The Threat of Terror in Massachusetts - Americans and ISIS
Monday, December 07, 2015
As GoLocalWorcester outlined last week, there have been a significant number of Massachusetts linked terrorists. Massachusetts was hit with one of America’s most hideous and infamous terror attacks when the Boston Marathon was bombed by two Massachusetts residents. Dzhokhar and Tamerlan Tsarnaev were both educated in Massachusetts and had lived in the Commonwealth for nearly a decade.
ISIS and Westerners
The relationship between Westerners and ISIS is far deeper than may be previously known.
Both the Paris attack and the San Bernardino mass shootings were perpetrated by individuals who lived in the respective country - legally.
A study by New America has unveiled a number of chilling trends between the relationship between western-based ISIS. In Massachusetts, David Daoud Wright of Everett was indicted in June on a charge of conspiracy to provide material support to ISIS.
The number of Americans killed from terrorist attacks in the United States post-9/11 is approximately the same as the number of people killed by white supremacists. Terrorists have killed 45 and supremacists 48 claims New America.
But, the impact of ISIS on America and the number of Americans and other Westerners in supporting ISIS
•Western fighters in Syria and Iraq represent a new demographic profile, quite different from that of other Western militants who had fought in Afghanistan in the 1980s or Bosnia in the 1990s.
•Women are represented in unprecedented numbers. One in seven of the individuals in New America’s dataset are women. Women were rarely if at all represented among militants in previous jihadist conflicts.
•They are young. The average age for individuals in New America’s dataset is 24. For female recruits, the average age is 21. Almost one-fifth of New America’s sample are teenagers, more than a third of whom are female.
•They are active online. Almost a third of the foreign fighters in New America’s dataset were reported either to have been active in online jihadist circles or to have radicalized via interaction online. However, there continue to be cases of in-person recruitment.

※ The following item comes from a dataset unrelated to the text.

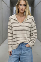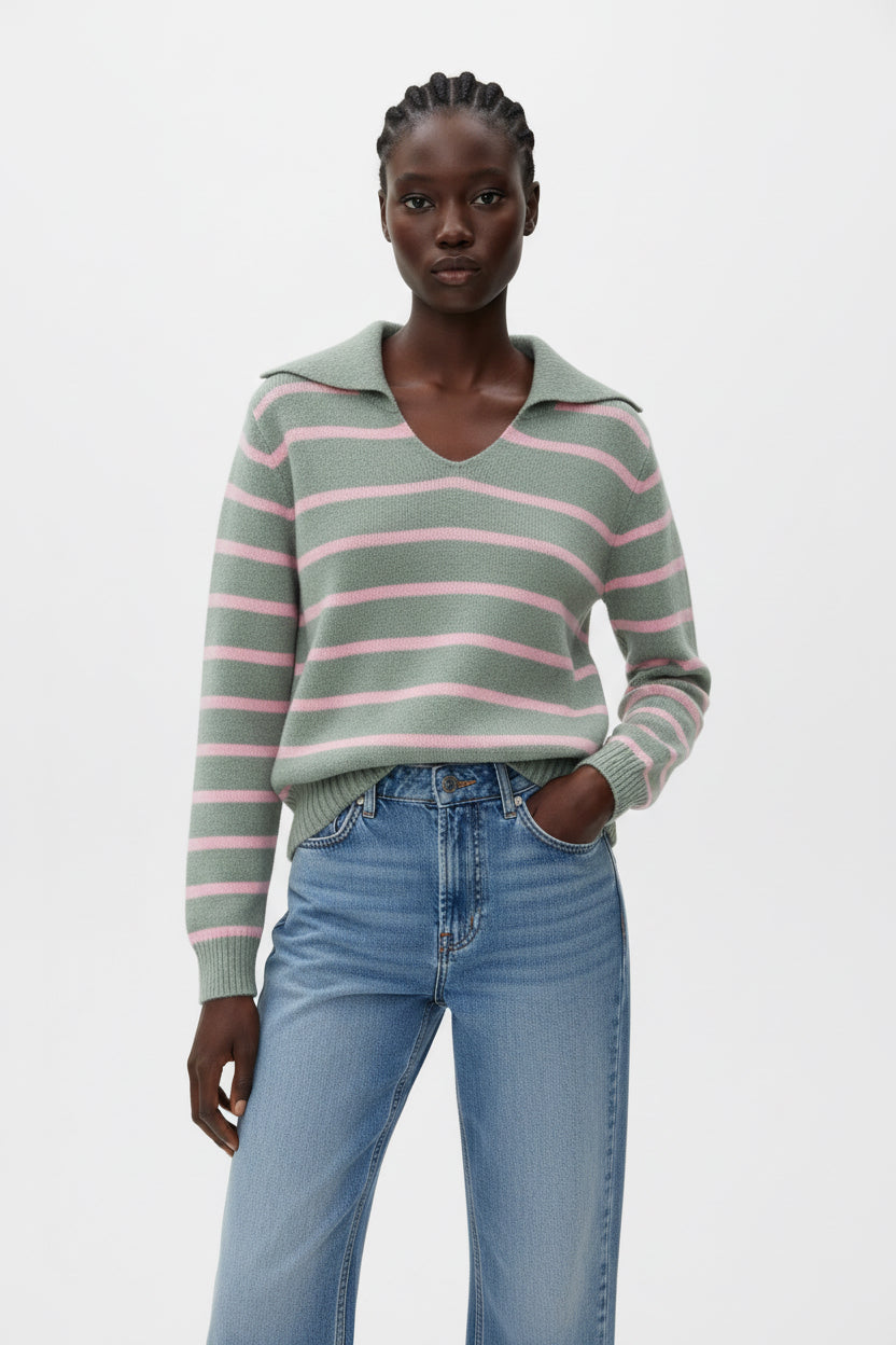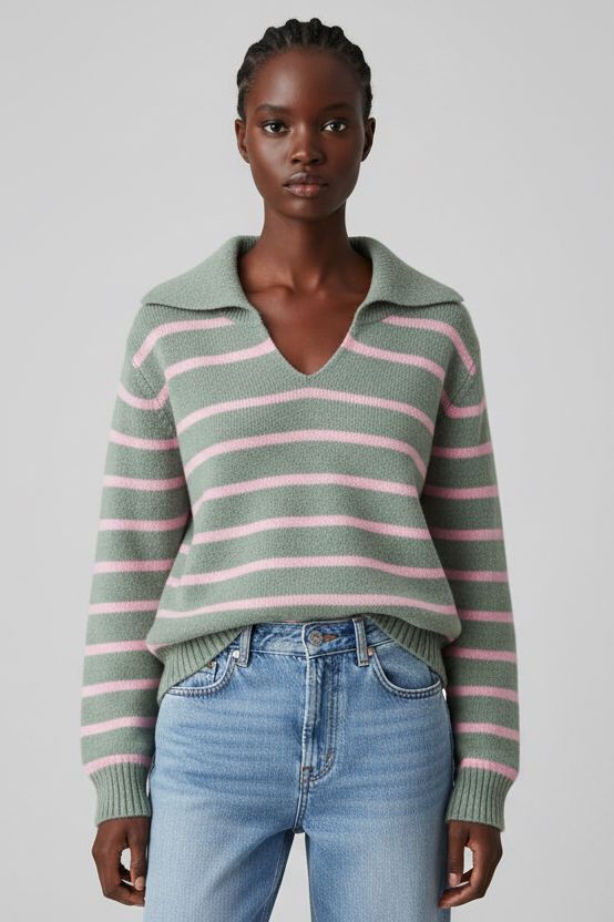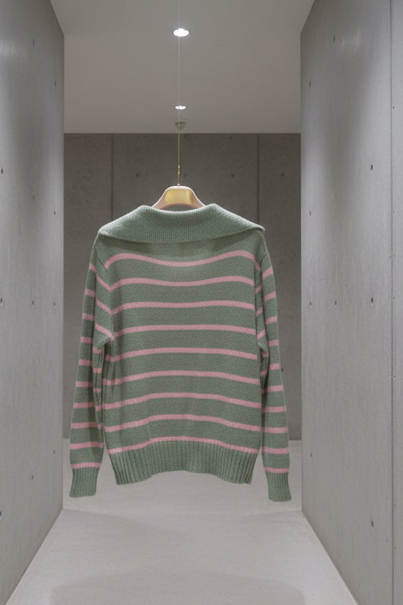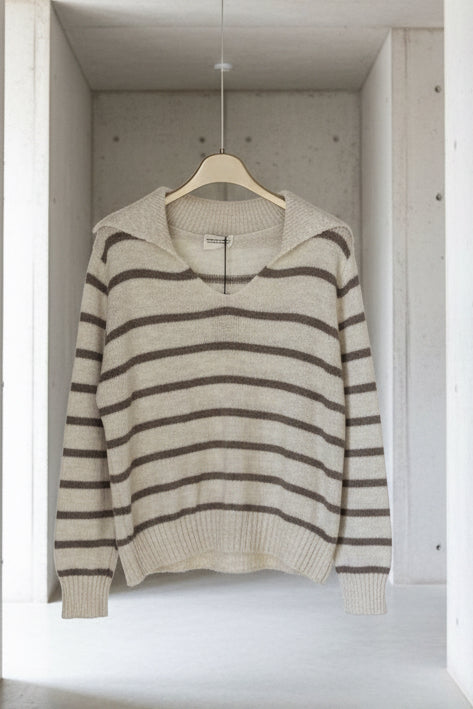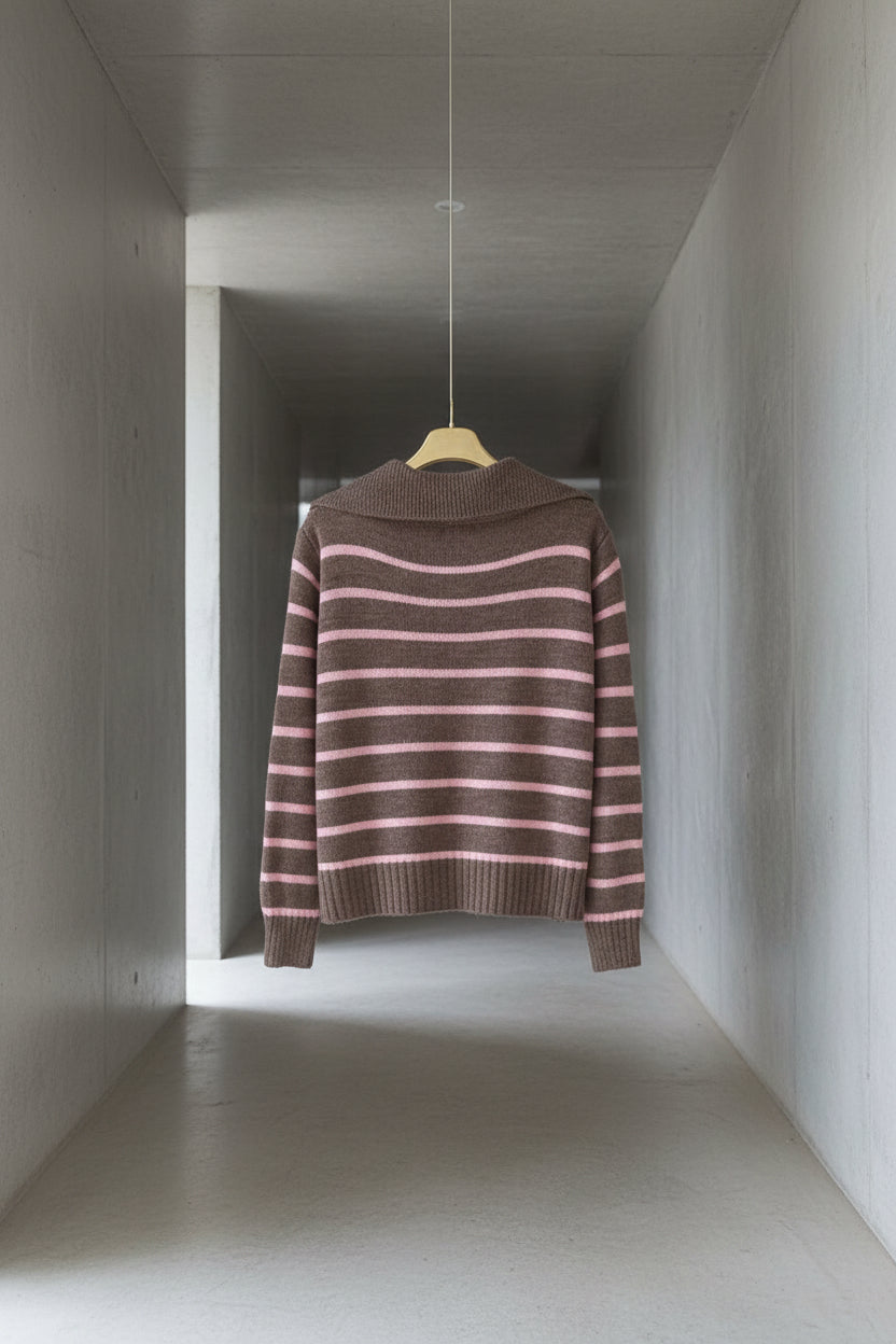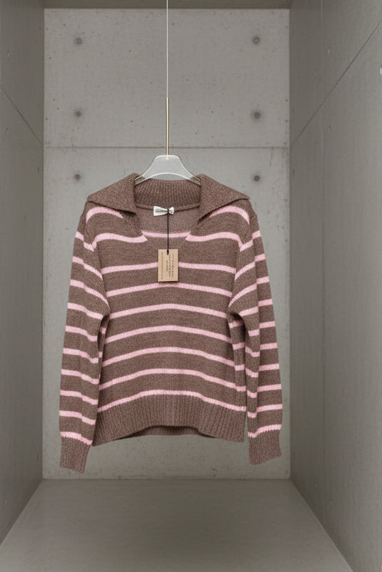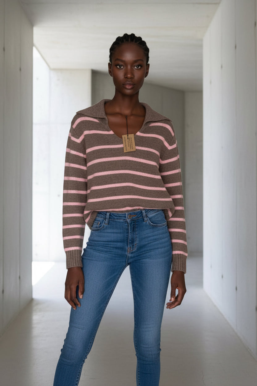 סריג אוברסייז מפנק ורך בניחוח אביבי קלאסי, עם דוגמת פסים עדינה וגזרה רחבה שנופלת מושלם על הגוף.

•Many have familial ties to jihadism. One-third of Western fighters have a familial connection to jihad, whether through relatives currently fighting in Syria or Iraq, marriage, or some other link to jihadists from prior conflicts or attacks. Of those with a familial link, almost two-thirds have a relative fighting in this conflict and almost one-third are connected through marriage, many of them new marriages conducted after arriving in Syria.
•The United States will have to remain aware of the threat from non-American returnees - many of whom come from countries that are part of the United States’ visa waiver program.
•ISIS-inspired violence will pose the most likely threat to the United States.